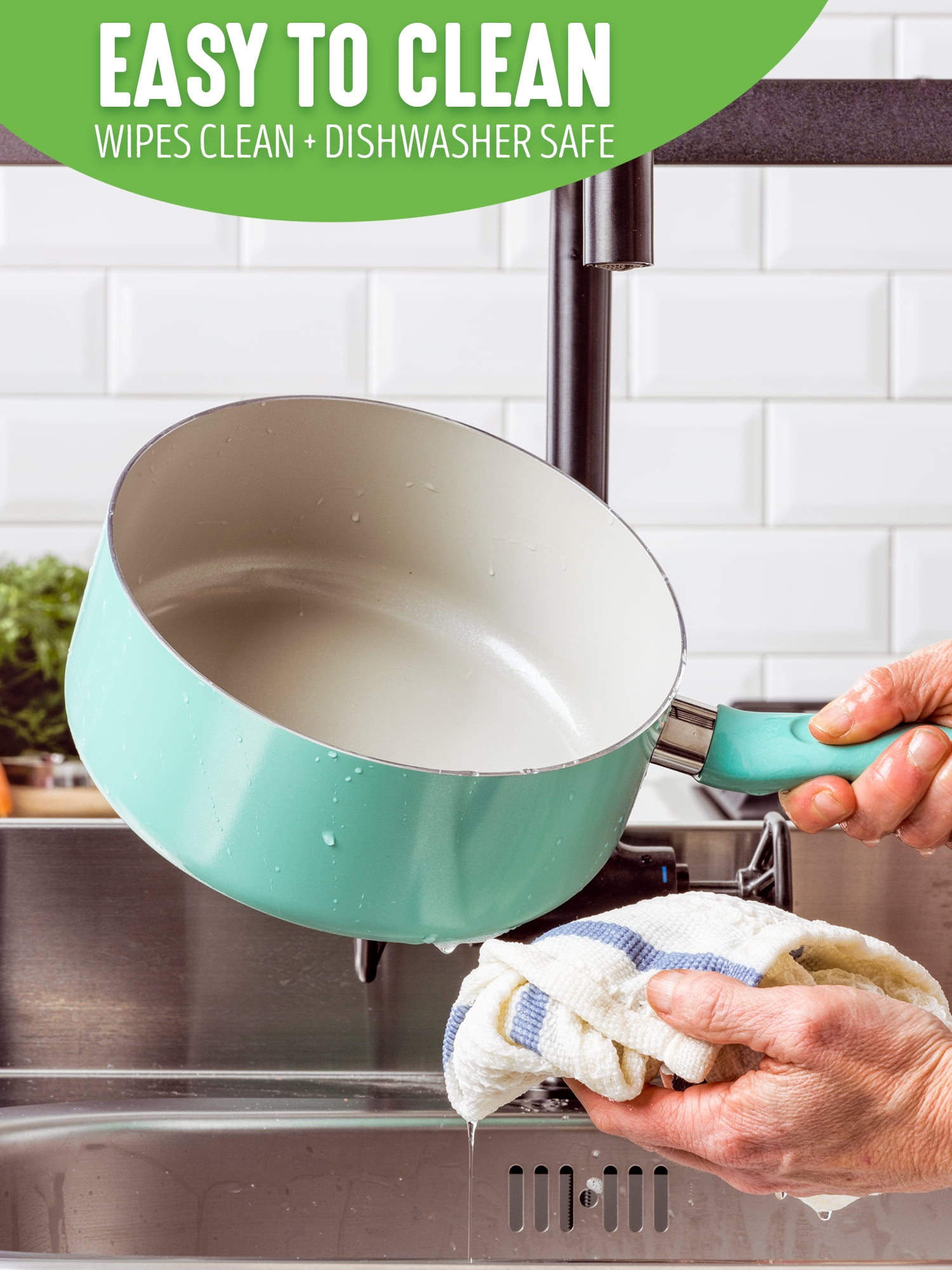Designed for effortless performance and cleanup, this new 2.5 Quart Sauce pan features our diamond-infused Sandstone nonstick coating, which is free of PFAS, PFOA, lead, and cadmium. GreenLife’s healthy ceramic nonstick is not stuck in the past—that’s why our ceramic nonstick starts with sand and creates 60% less CO2 emissions during the curing phase than traditional coatings. This pan is also crafted with recycled aluminum, because we want everyone to cook healthy for years to come. Finished in vibrant colors, this pan is outfitted with stay-cool handles to keep your cooking comfortable. A durable glass lid offers a good look at any meal in progress without sacrificing heat. For all stovetops, except induction. Oven safe to 350°F. Dishwasher safe.
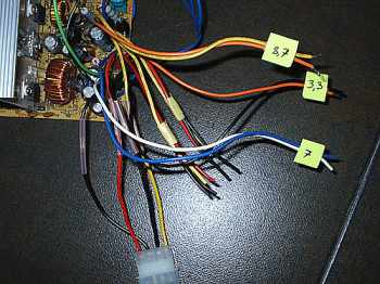 После того как приклеим, выдавливаем сетку пальцем наружу. Это покажет давление, которое было при взрыве. Начинаем электрическую часть… Для начала разбираемся в проводах. Отрезаем весь пучок короче, берём мультиметр и начинаем искать интересующие нас провода. Нам нужны: Жёлтый и оранжевый 8,7V Белый и синий 7V Чёрный и оранжевый 3,3V Эти разъемы теперь можно использовать для LEDов без допайки резисторов. Остальные просто выпаиваем, они нам не понадобятся, кроме зелёного, его оставьте! Начинаем пайку. Два верхних молекса подпаиваем как обычно (два черных на Ground, красный +5, жёлтый +12). Сделали? Тогда дальше, из следующих молексов вытаскиваем по два штырька, (какие хотите) и подпаиваем к тем местам, которые мы пометили так:
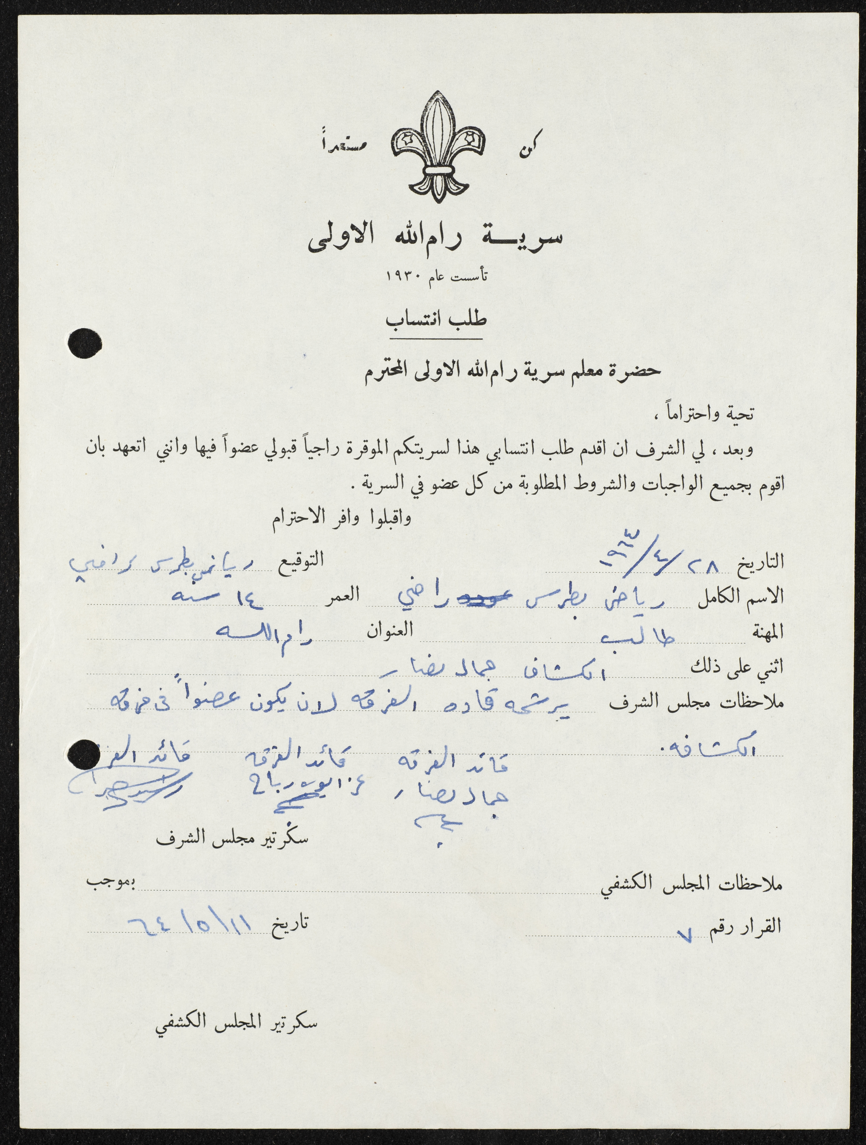 وثيقة مطبوعة باللغة العربية، تتضمن طلب انتساب مقدم من رياض راضي الى سرية رام الله ليصبح عضوا فيها ويتعهد في قيام جميع الاعمال والواجبات والشروط المطلوبة عام 1964
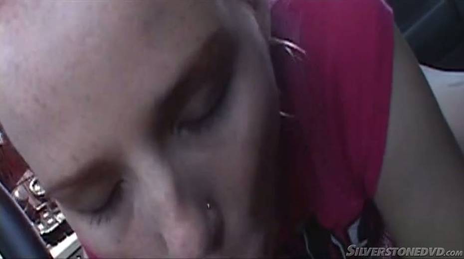 Kinky slut with a pierced nose is blowing her BF's dick right in his car

---*---

● EXERCISE DETAILS: Your answer must be the lines from the one containing "После того как" through the last line of the listing above, restated word for word, with no pictures.

● ANSWER TO THIS TASK:
 После того как приклеим, выдавливаем сетку пальцем наружу. Это покажет давление, которое было при взрыве. Начинаем электрическую часть… Для начала разбираемся в проводах. Отрезаем весь пучок короче, берём мультиметр и начинаем искать интересующие нас провода. Нам нужны: Жёлтый и оранжевый 8,7V Белый и синий 7V Чёрный и оранжевый 3,3V Эти разъемы теперь можно использовать для LEDов без допайки резисторов. Остальные просто выпаиваем, они нам не понадобятся, кроме зелёного, его оставьте! Начинаем пайку. Два верхних молекса подпаиваем как обычно (два черных на Ground, красный +5, жёлтый +12). Сделали? Тогда дальше, из следующих молексов вытаскиваем по два штырька, (какие хотите) и подпаиваем к тем местам, которые мы пометили так:
 وثيقة مطبوعة باللغة العربية، تتضمن طلب انتساب مقدم من رياض راضي الى سرية رام الله ليصبح عضوا فيها ويتعهد في قيام جميع الاعمال والواجبات والشروط المطلوبة عام 1964
 Kinky slut with a pierced nose is blowing her BF's dick right in his car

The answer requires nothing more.